The following are the top stories in the Maltese and overseas newspapers.

The Times of Malta reports how migrants stranded on a tanker which rescued them are to be taken to Italy.

l-orizzont says this was a 'Victory for a firm government'.

In-Nazzjon says the Housing Authority has stopped four schemes. It also reports on the migrants stand-off and how the government was continuing to refuse entry to the tanker.

The Malta Independent leads with talks to alter the time of parliamentary sittings. It also quotes Home Affairs Minister Manuel Mallia insisting that Malta was legally correct to stop a tanker carrying migrants from coming to Malta.

The overseas press

The Wall Street Journal reports the US Justice Department has filed sealed criminal charges against a number of suspects in the attack on the US consulate in Benghazi that killed the American ambassador to Libya and three other Americans. 

Yemen was thrust back into the forefront of the international fight against terrorism Tuesday when the US and Britain evacuated embassy staff due to a threatened attack, a suspected US drone killed four alleged members of al-Qaida, and militants shot down a Yemeni army helicopter. The Associated Press says as Westerners flew out of the country, Yemeni authorities launched a wide investigation into the al-Qaida threat to multiple potential targets in the Arab nation.

O Globo reports Brazil-based Guardian reporter Glenn Greenwald has said he had received nearly 20,000 secret US government documents from intelligence leaker Edward Snowden. Greenwald, an American who was among the first to release details of Washington's vast electronic surveillance programme, gave no details of the content of the files as he testified before the Brazilian Senate's foreign relations committee.

USA Today says a military judge has reduced US army whistleblower Bradley Manning’s maximum possible sentence in the WikiLeaks case to 90 years in prison. Manning had faced up to 136 years after he was convicted of charges related to his disclosure of classified information to the anti-secrecy website, but the judge, Army Colonel Denise Lind, found during his sentencing hearing that a number of the charges refer to the same actions.

A baby boy allegedly sold by the doctor who delivered him in China, has been reunited with his parents, China Daily reports, in a case highlighting the problem of child trafficking. 
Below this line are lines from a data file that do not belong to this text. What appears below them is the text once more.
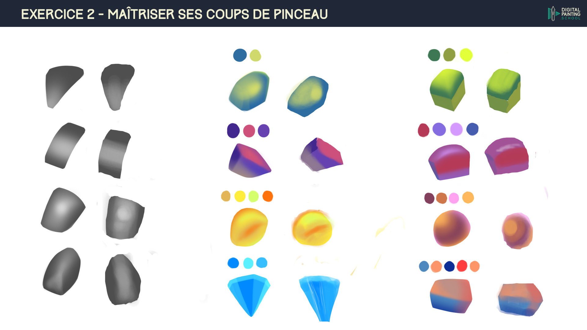 Merci de ta réponse yuna pour répondre a tes questions oui le diamant a été une torture a faire lol,les brush que j'utilise sont : rond soft , rond dur opaque et one edge pour info je travaille sur clip studio paint je pense continuer a m'entraîner mais je vais essayer les autres exos du chapitre sa m'aidera peut-être lorsque je reviendrai a cette exos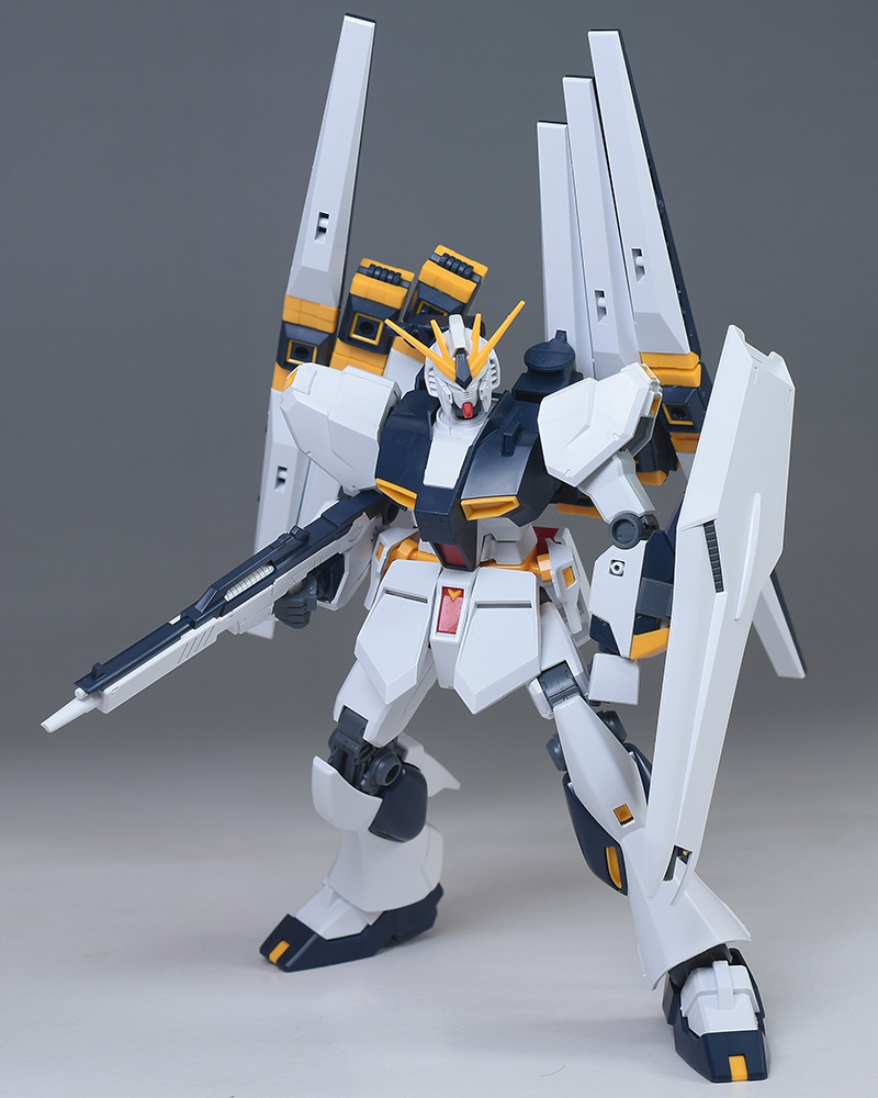 ENTRY GRADEνガンダムが経年でヘタれていると自立やポージングが難しくなってくるので、その場合はパーマネントマットバーニッシュなどで上手く関節を補強してから装備させるとよいかと。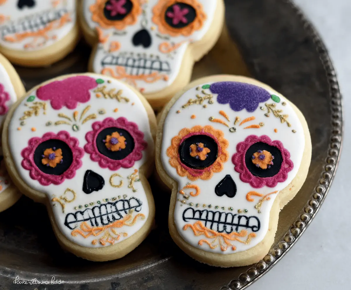 Once the cookies are fully dry, store them in an airtight container at room temperature. These colorful skull sugar cookies are perfect for celebrations like Día de los Muertos, Halloween, or any festive occasion. Enjoy your delicious and artistic treats!

Metro says a man whose wife gave birth while he raced to get her to hospital said the distraction caused him to roll the car four-times on a Swedish motorway. Samaher Mezban was entering the final stages of labour when her husband, who had taken his eyes off the road to see his daughter emerge, lost control of the car. It veered into a ditch before rolling over four times. When the car came to a rest, the baby's father could not find the child but finally spotted her under the passenger seat. Emergency workers then drove the family to hospital. No one was seriously hurt in the accident.

A toddler who served as the best man at his parents’ wedding over the weekend, has died due to complications associated with Fanconi anemia, a rare blood disorder, the Today Show reports. Logan Stevenson had been suffering from leukemia and malignant tumours on his kidneys since December 2011. When doctors recently told his parents, Christine Swidorsky and Sean Stevenson, that their son only had a few weeks to live, the couple decided to get married last Saturday instead of next July, as they had planned, so that their son could be there. But Logan took a turn for the worse on Monday when he began to have trouble breathing.